Texto text files look like something between mad libs and bad poetry,
(although they do sometimes contain deep cosmic truths) and should be close
enough to normal english to get past simple-minded mail scanners and to
entertain readers of talk.bizarre.

Texto works just like a simple substitution cipher, each of the 64 ascii
symbols used by pgp ascii armour or uuencode is replaced by an english word.
Not all of the words in the resulting English are significant, only those
nouns, verbs, adjectives, and adverbs used to fill in the preset sentence
structures.

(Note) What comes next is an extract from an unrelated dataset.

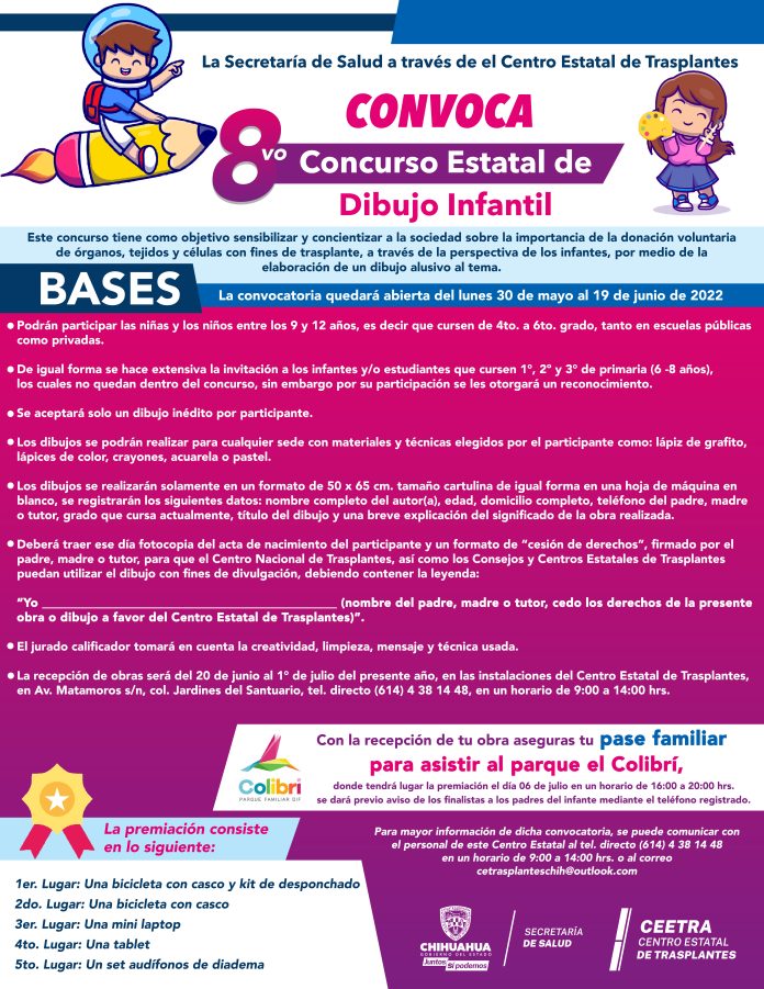 Chihuahua, Chih .- Con el fin de incentivar la cultura de donación de órganos, tejidos y células con fines de trasplante, la Secretaría de Salud del Estado de Chihuahua a través del Centro Estatal de Trasplantes (CEETRA) convoca a niñas y niños entre 9 y 12 años de edad a participar en el 8º Concurso Estatal de Dibujo Infantil.
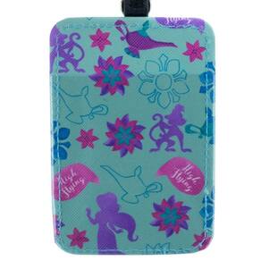 Etiqueta de identificação de bagagem de 10.5 x 7.5 cm de dimensão, na cor preta com estampa dos personagens do filme Aladdin. Material: poliuretano Marca: Não Informado

Punctuation and "connecting" words (or any other words not in
the dictionary) are ignored.

The obvious main drawback to using this program: the resulting text
is larger than the original data by a factor of 10. This is bad to the
point of uselessness if you need to send a 5MB uuencoded file. What
are some possible solutions to this problem? Using shorter words would
yield only minimal improvement as most of the words are pretty short now,
and you would still need the same number of english words. The best
solution I can think of is to use more words, one for every 2 symbols
instead of a one-to-one symbol to word mapping. This requires 4096 words
for each part of speech, (finding that many adverbs will be a real challenge),
but search speed shouldn't become a big factor when transforming text to data,
since texto uses a hash table for the words and their lengths in order to
minimize search times. The net result would probably be an average expansion
by ~5x instead of ~10x, which is significant enough to warrant trying it.
Changing the code will be easy, the hard part is typing in the dictionaries.
Look for this feature in texto 2.0 coming Real Soon to a net near you.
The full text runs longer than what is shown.